She has a vet appointment tomorrow at 3:20... but I'm starting to wonder if she is living a quality life. She's not in pain as far as I can tell. But all she wants to do is sleep.

I am so tempted to say to the vet knock her out, let's do full bloodwork, an xray and look inside her ears /take swabs. But that would run me about $500-600 and it is very likely the anaesthetic would kill her at this point. Or we could find tumours, or something awful and then I'd be out $600 and still end up having to euthanize.

I'm not sure if I want to keep her going like this either, though. But it feels too soon to euthanize... although at the same time it seems cruel to just sit around and wait for her to give up, which she all but has. 

I will see how the vet visit goes tomorrow. Sigh.


----------



## PJM (May 7, 2010)

I'm so sorry. I wish I could help. I'll be thinking of both you & Puff & I hope that something can be done for her.


----------



## tie-dye hedgie (Dec 19, 2009)

Aww, I am so, very sorry to hear about Puff's continuing health issues. I'll be thinking positive vibes for you and her.


----------



## nationofamanda (Jan 19, 2010)

i hope she feels better soon. give her a hug for me.


----------



## fracturedcircle (May 31, 2010)

so sorry to hear there's no improvement. believe me, i know the helplessness.


----------



## SnufflePuff (Apr 16, 2009)

Thank you all  

I will update after her vet visit tomorrow. 

One thing I've noticed is that she's sleeping a lot more soundly... this morning I honestly thought she was dead... Is this an indication of general unwellness? 

I've been keeping her extra warm and she's not cool to the touch so it's not hibernation, It just takes a lot to wake her up now.


----------



## Nancy (Aug 22, 2008)

I'm sorry Puff is having continued problems. 

I've always found sleeping more soundly is age related. Yes, it can be illness too but I wouldn't put it all down to her being ill.

I don't think I'd give up on her yet. She is coming off of antibiotic and it can make them feel really yucky until their systems get back to normal. As long as she is willingly eating on her own, that is a good sign. It's when they stop eating completely that we know they are very sick and/or have given up. 

How co-operative is she at the vet? Will she allow him to palpate her to check for lumps and tumours? 

Doing further testing is a difficult decision. If she is having liver issues, gassing her is not a ideal. It's a tough decision and basically you have to do what is best for her without going broke in the process. 

Good luck. Sending her prayers.


----------



## shetland (Sep 2, 2008)

I send all my prayers an hope to you and your little baby hedgie. I am in no way intending to be offensive; but I would be more than happy to contribute to any fund for little Puff. I have done this before for owners as dedicated as yourself to help in the diagnosis and/or treatment of little ones.


----------



## MissC (Nov 15, 2010)

I'm so sorry, snuff...I'm sure whatever you decide will be right for you both. you obviously love Puff and don't want her to suffer. 

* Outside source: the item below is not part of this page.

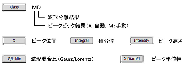 ★ 重新波形分离计算您可以更改峰位置、峰高和峰半宽值并再次执行波形分离计算。

Shetland, you are a sweetheart. Good karma for you!!


----------



## Kalandra (Aug 25, 2008)

Good luck at the vet today. I hope your vet can help give you some answers. Be very honest with your vet and ask the questions you ask here. Ask doc if he thinks it is time.

If Puff still gets up on her own to go eat and drink, she is still fighting. Look in her eyes. Are they bright and alert? Or have they gone dull and it doesn't look like she is there anymore? Talk to her and let her help guide you. 

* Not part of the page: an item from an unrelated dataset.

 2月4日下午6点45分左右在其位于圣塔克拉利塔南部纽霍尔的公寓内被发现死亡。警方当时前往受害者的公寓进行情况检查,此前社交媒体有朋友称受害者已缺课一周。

Have you arrange items in Puff's cage to make mobility easier? I built corridors in Cooper's. He pretty much walks around the outside edge of his cage to get places. He has walls on both sides of his body to lean against should he start to stumble. The wall of his cage forms one side, the other has a variety of items arranged. From his pigloo, cuddle cup, fleece covered oatmeal containers, wheel, etc. 

Quills crossed here that doc will find something to help today.


----------



## SnufflePuff (Apr 16, 2009)

Thank you everyone for your kind words and advice  

She hasn't been on an antibiotic for a few weeks now, Nancy so I think that's probably out of her system by now. She is still eating and drinking and she seems happy? What really bothers me is that she twitches all over the place. Like when she's trying to walk to her dish or even trying to eat a piece of food she violently shakes her head back and forth, it's like she has some neurological problem? I know something's wrong with her, it's just so frustrating now knowing what.  The technicans at the vets are really good and they scruff her, so the vet has been looking her mouth (no tumours) and palpating her whole body (nothing that she can feel yet) everytime we go.

Shetland you are far too kind!  I do have have the funds currently to pay for it, it's just my emergency "pet" fund is for my other hedgehogs, kitty and puppy too, and with my luck someone else would get sick right after, sigh  I will discuss pricing with the vet today and hopefully come up with a plan, though. 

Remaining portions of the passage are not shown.